Basics of Probability Basics of Probability Janyl Jumadinova February 2426, 2020 Janyl

Chapter 2 Probability 1. Definition of Probability 2. Probability of disjoint events 3.

Chapter 2 Probability 1. Definition of Probability 2. Probability of disjoint events 3.

Which probability Which probability Which probability Which probability theory for cosmology?

Recap of Basic Probability Elements of basic probability theory probability theory The

Chapter 2: Basics from Probability Theory and Statistics 2.1 Probability Theory Events,

Continuing Probability. Wrap up: Total Probability and Conditional Probability. Continuing

Chapter II: Basics from probability theory and statistics Information Retrieval &amp; Data

CS70: Jean Walrand: Lecture 21. Events, Conditional Probability 1. Probability Basics Review 2.

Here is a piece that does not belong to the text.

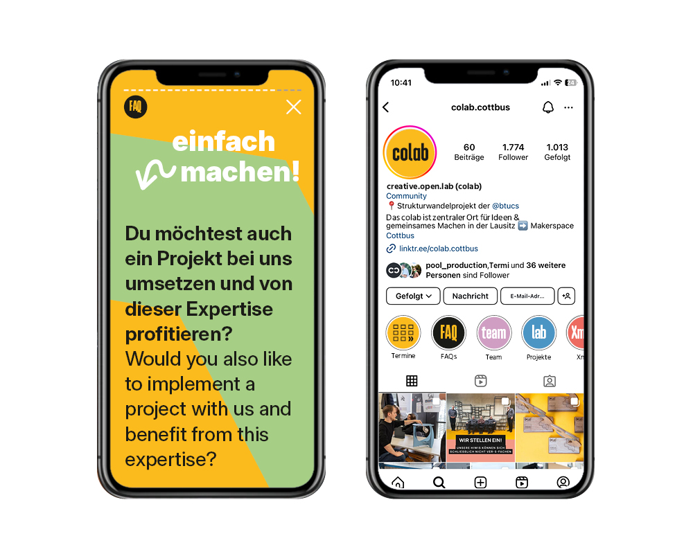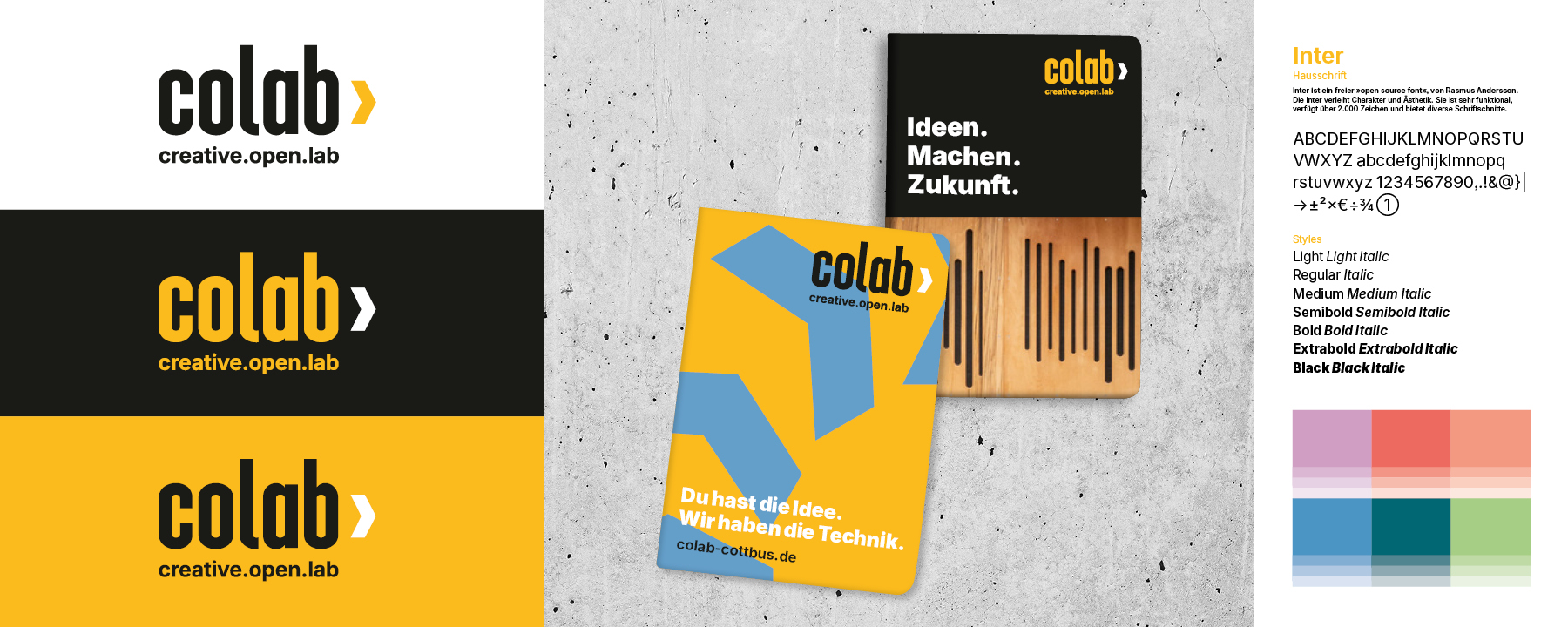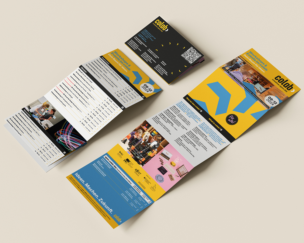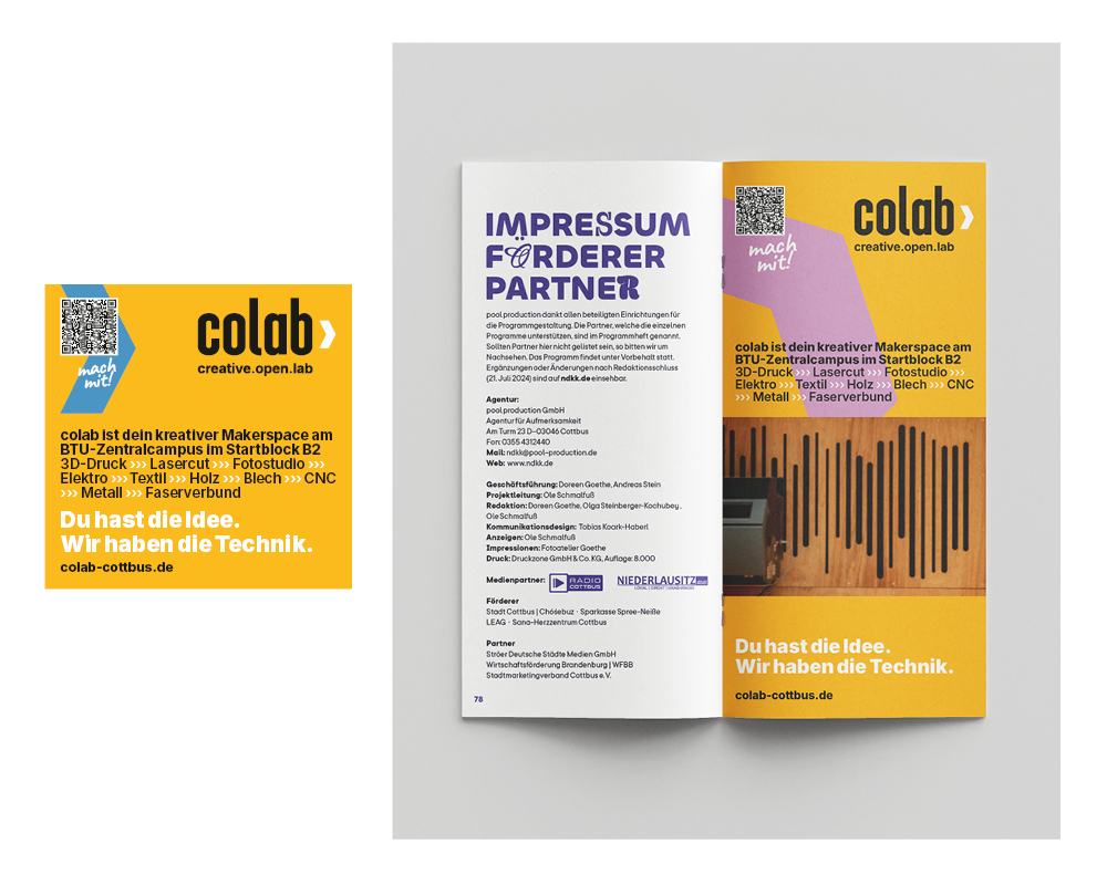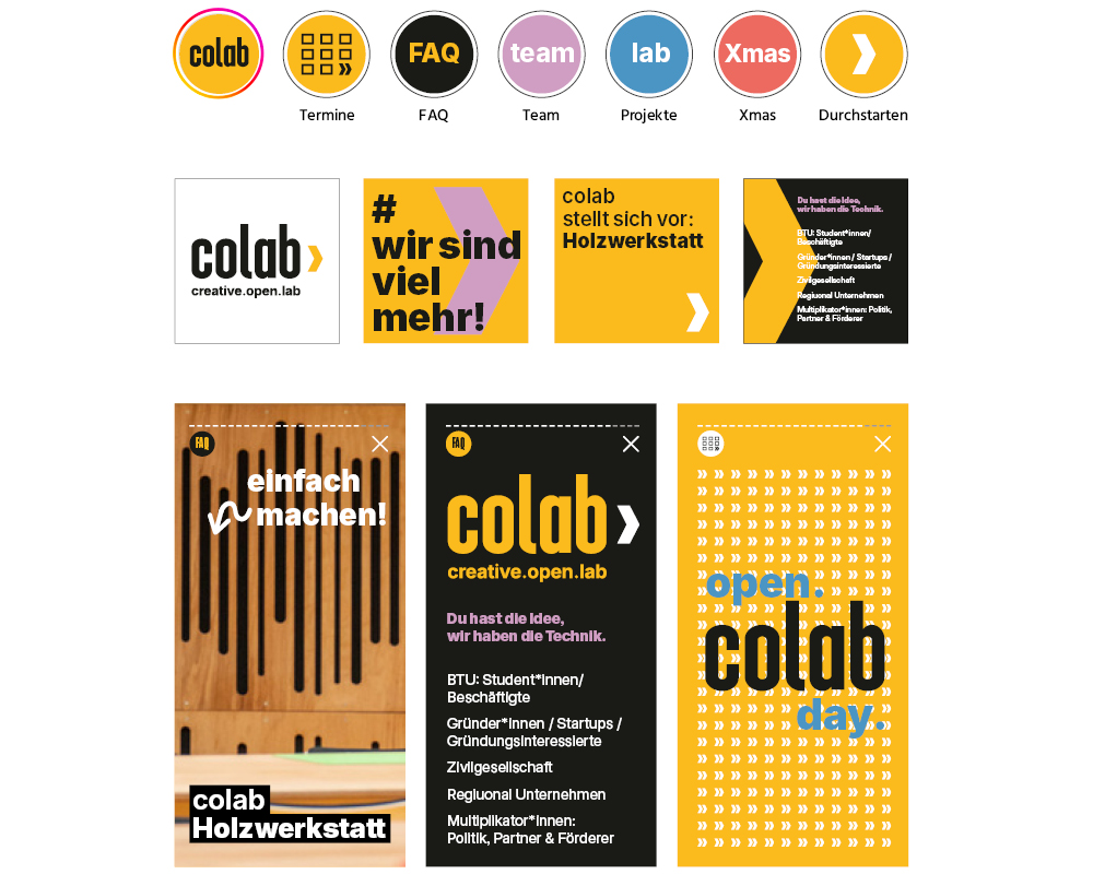 pool production überarbeitete das Corporate Design für das COLAB. Das umfasste die Marke, das Wording und Storytelling, die Farbwelt, Key Visuals sowie die Erarbeitung von verschiedenen Kommunikationsmitteln und Social Media-Vorlagen.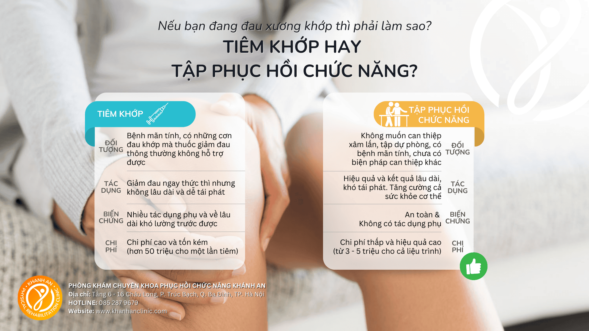 Một phương pháp An toàn và Hiệu quả hơn đó là TẬP PHỤC HỒI CHỨC NĂNG. Giúp bệnh nhân giảm đau và đem lại kết quả lâu dài. Thông qua sử dụng các thiết bị vật lý trị liệu tiên tiến và thực hiện các bài tập vận động để cải thiện chức năng và sức khỏe của hệ cơ xương khớp. Phòng Khám Khánh An tự hào trong việc phát triển các chương trình vật lý trị liệu và phục hồi chức năng dựa trên tiêu chuẩn của Quốc tế và của Mỹ. Đặc biệt là các chương trình không sử dụng thuốc, không can thiệp phẫu thuật, nhằm đảm bảo an toàn và giảm thiểu biến chứng và nguy cơ từ các vấn đề liên quan đến xương khớp.

Chapter 1: Probability Theory (a recap) STK4011/9011: Statistical Inference Theory Johan Pensar

Probability Theory p ( E ) = p ( a 1 ) + p ( a 2 ) + ... + p ( a m ) 1 2 3 4 5 6 7 8 9 10 11 12 13

Outline 1. Bayes Law L7: Probability Basics 2. Probability distributions CS 344R/393R:

Counting and Probability Whats to come? Counting and Probability Whats to come?

!&quot;#$%&amp;'%()#*&amp;$+%,'-.#-/0%1(,23% 4%5&amp;$%/6%&quot;&amp;'$/7+%

Estimating post-editing effort State-of-the-art systems and open issues Lucia Specia University

Legislative Redistricting Update October 4, 2012 League of Cities and Towns Rachel Weiss,

Monetary policy decision September 2019 Inflation on target with rate rises at a slower pace

Climate Change and Non-Residential Electricity Consumption in Colombia Shaun McRae University of

+ Special Topic Presentation: Incremental Processing Rebecca Myhre + What and Why? n Most

NeuroComp Machine Learning and Validation Mich` ele Sebag http://tao.lri.fr/tiki-index.php

Compromise Agreements &amp; Confidentiality Examining the impact of Duchy Farms Kennels Ltd v.

Chapter II: Basics from probability theory and statistics Information Retrieval & Data

!"#$%&'%()#*&$+%,'-.#-/0%1(,23% 4%5&$%/6%"&'$/7+%

Compromise Agreements & Confidentiality Examining the impact of Duchy Farms Kennels Ltd v.